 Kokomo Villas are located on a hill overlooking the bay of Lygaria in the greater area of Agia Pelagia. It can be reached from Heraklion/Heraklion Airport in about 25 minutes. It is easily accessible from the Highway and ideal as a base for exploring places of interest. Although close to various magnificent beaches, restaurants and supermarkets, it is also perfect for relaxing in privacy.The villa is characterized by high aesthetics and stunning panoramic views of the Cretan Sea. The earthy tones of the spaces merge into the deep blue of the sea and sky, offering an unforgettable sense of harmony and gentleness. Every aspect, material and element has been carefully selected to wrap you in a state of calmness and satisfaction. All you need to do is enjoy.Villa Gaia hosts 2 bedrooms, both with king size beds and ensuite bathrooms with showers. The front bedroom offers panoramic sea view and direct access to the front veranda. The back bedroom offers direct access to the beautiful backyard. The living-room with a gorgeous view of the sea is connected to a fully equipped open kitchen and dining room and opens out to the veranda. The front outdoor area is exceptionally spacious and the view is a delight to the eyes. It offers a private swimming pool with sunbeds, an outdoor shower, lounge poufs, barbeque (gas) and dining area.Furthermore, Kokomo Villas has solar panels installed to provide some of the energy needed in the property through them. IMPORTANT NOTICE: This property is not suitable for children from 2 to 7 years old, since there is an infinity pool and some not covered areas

□ □ □

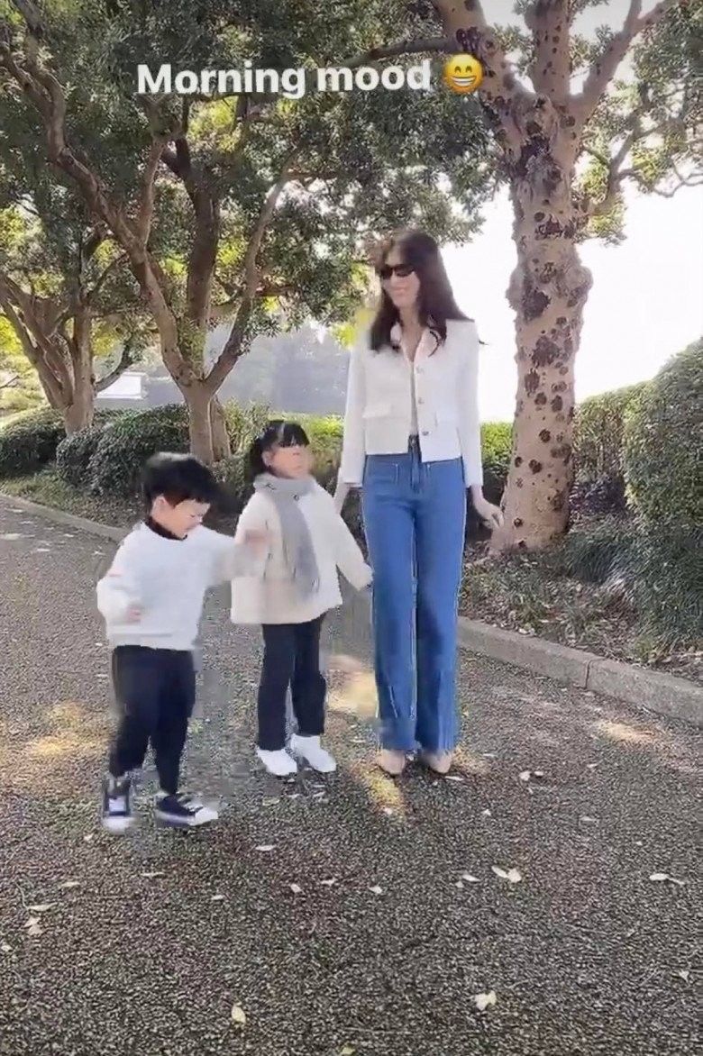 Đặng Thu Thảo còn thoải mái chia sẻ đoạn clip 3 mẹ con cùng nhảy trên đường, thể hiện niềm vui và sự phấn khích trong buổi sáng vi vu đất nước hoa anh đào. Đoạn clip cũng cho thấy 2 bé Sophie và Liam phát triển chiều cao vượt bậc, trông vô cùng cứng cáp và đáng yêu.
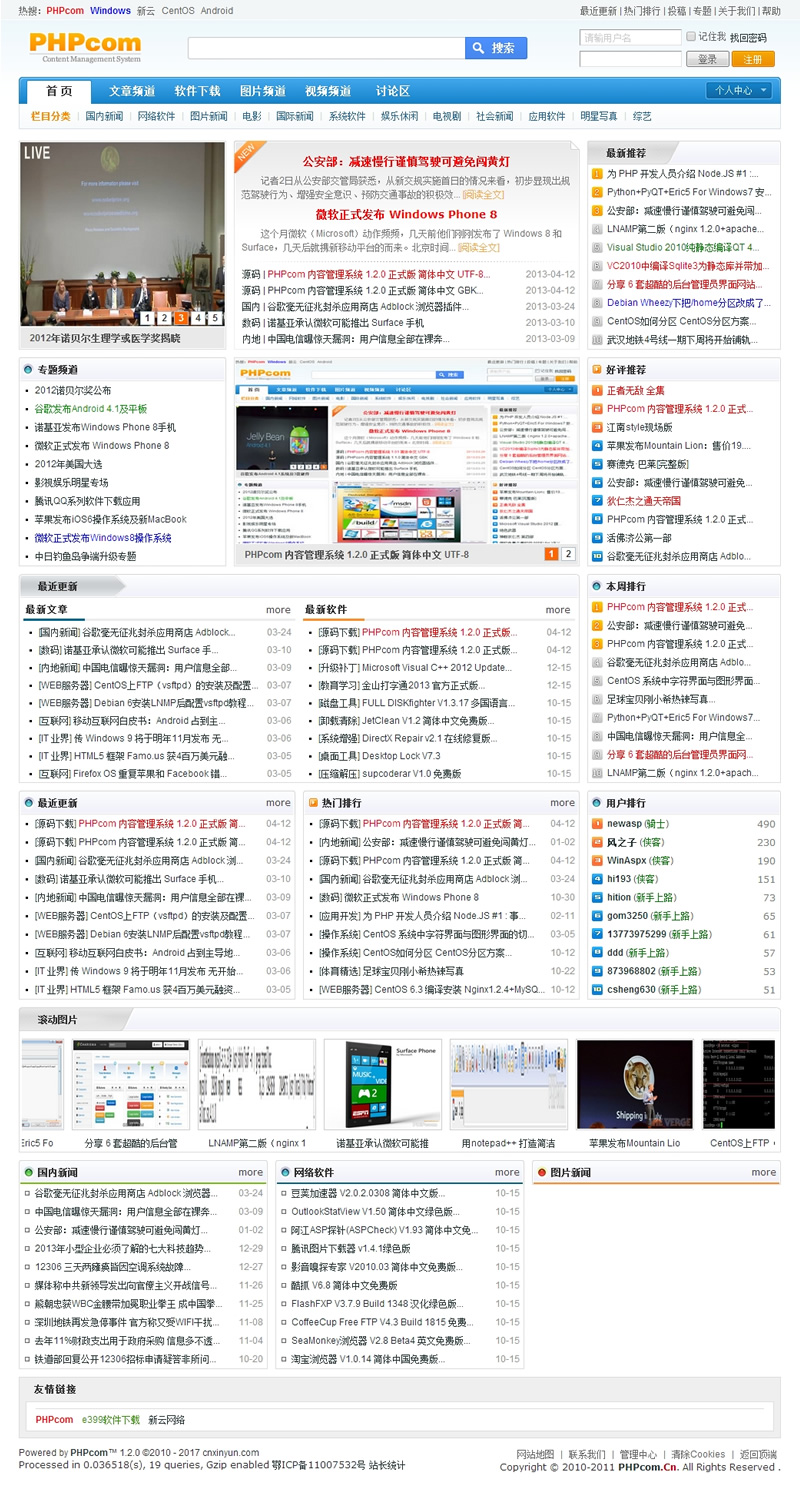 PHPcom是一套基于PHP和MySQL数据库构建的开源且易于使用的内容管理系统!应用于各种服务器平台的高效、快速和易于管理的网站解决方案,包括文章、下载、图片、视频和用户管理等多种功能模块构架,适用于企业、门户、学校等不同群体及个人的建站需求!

□ □ □

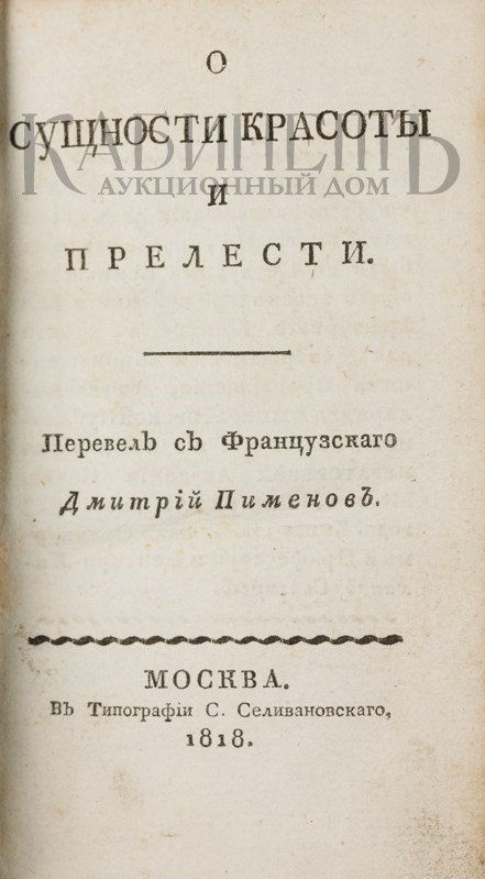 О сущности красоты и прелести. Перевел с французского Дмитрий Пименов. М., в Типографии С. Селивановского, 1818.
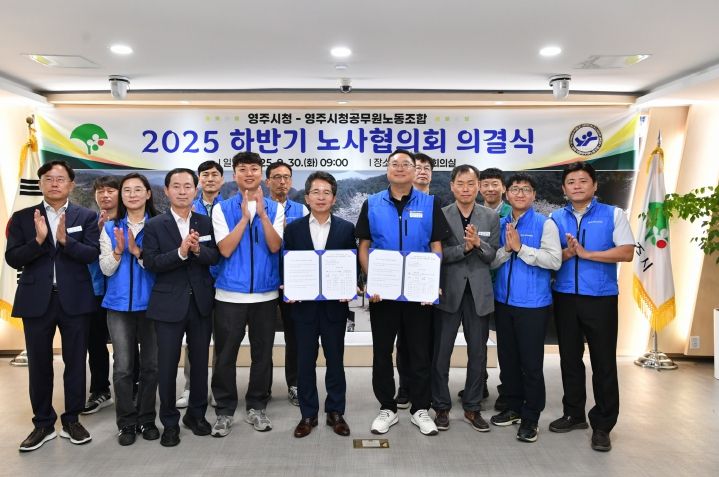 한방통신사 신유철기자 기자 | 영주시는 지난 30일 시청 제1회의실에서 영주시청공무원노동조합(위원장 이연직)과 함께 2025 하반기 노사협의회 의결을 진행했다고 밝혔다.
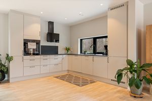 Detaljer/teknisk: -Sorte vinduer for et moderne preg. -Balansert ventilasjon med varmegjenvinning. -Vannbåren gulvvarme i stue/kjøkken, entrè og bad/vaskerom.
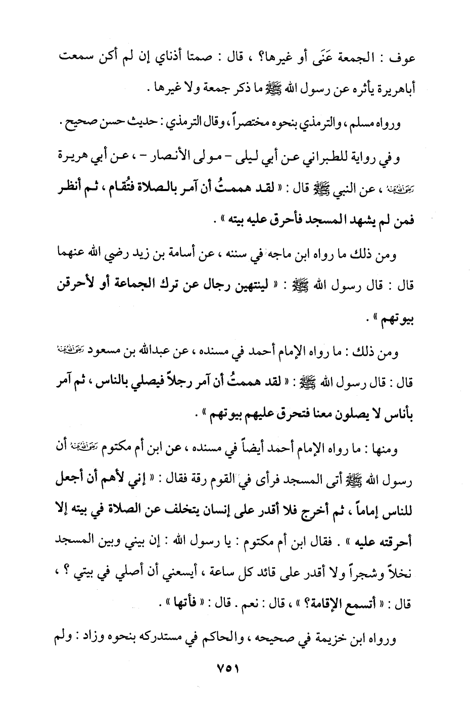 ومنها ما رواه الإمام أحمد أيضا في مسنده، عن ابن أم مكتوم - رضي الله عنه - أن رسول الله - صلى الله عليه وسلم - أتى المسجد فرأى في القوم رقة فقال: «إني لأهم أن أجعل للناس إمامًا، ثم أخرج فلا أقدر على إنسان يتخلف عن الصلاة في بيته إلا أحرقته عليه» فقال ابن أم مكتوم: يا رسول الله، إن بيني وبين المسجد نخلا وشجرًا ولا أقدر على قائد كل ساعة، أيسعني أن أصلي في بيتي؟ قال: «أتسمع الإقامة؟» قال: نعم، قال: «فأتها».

□ □ □

# [Work to complete]
A clean copy is needed of the lines in the listing above from the one with "Đặng Thu Thảo" through the one with "PHPcom是一套基于PHP", exact in every word and free of pictures.

# [Answer to the exercise]
 Đặng Thu Thảo còn thoải mái chia sẻ đoạn clip 3 mẹ con cùng nhảy trên đường, thể hiện niềm vui và sự phấn khích trong buổi sáng vi vu đất nước hoa anh đào. Đoạn clip cũng cho thấy 2 bé Sophie và Liam phát triển chiều cao vượt bậc, trông vô cùng cứng cáp và đáng yêu.
 PHPcom是一套基于PHP和MySQL数据库构建的开源且易于使用的内容管理系统!应用于各种服务器平台的高效、快速和易于管理的网站解决方案,包括文章、下载、图片、视频和用户管理等多种功能模块构架,适用于企业、门户、学校等不同群体及个人的建站需求!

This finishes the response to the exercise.